Thursday, July 03, 2008

Tablada v. Thomas, No. 07-35538 (7-3-08). How to calculate "good time" shows BOP at its worst. Should good time of 54 days a year (85%) be calculated on the sentence imposed (the measurement used for example in calculating criminal history scores) or rather on the time actually served. The former is easy; the latter is complicated. The former gives a few days break to inmates; the latter takes the harshest interpretation possible. The former saves the government millions of dollars annually; the latter costs millions. Yet, under the deference given to agencies, the BOP interpretation continues because BOP is supposed to have the expertise.
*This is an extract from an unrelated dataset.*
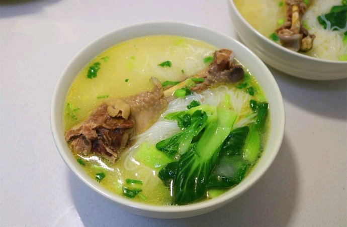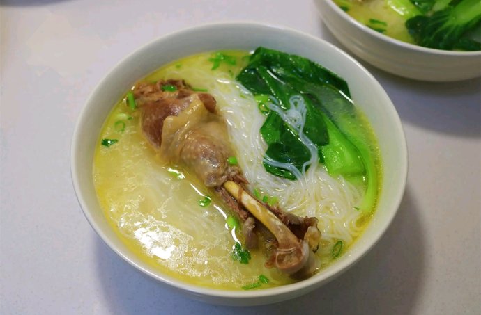 #壹粉食堂#冰箱里还有一只鸡,年前买的了。刚过完年,炒鸡也不想吃了,昨晚取出来放外面解冻,今早用厨房剪刀剪成大块,炖了一锅汤。又泡了一把米粉,早餐就吃鸡汤米线。热乎乎的,好鲜美。剩下的鸡肉还可以撕吧撕吧,炒辣椒或者做凉拌鸡丝都可以。原汁原味的鸡汤煮米线,味道特别鲜香。这样的米线很适合小孩吃,吃肉喝汤,营养和味道都在线。

A number of challenges have been raised against the calculations, all of which have been denied by the 9th. Here, petitioner argues that because BOP never complied with the APA requirement to articulate a rational basis for its interpretative decision, it should be struck down. The BOP concedes the procedural infirmity, but argues that business should continue as usual. The 9th (Gutierrez joined by Berzon and Bea) agree. It would be too much trouble essentially to change the calculations, and the interpretation is somewhat rational, and has been applied even-handedly. The 9th finds the BOP's approach as outlined in its policy statements persuasive, and so denies the petition. The BOP will fix the procedural remedy. In the meantime, inmates languish for a not unreasonable agency interpretation.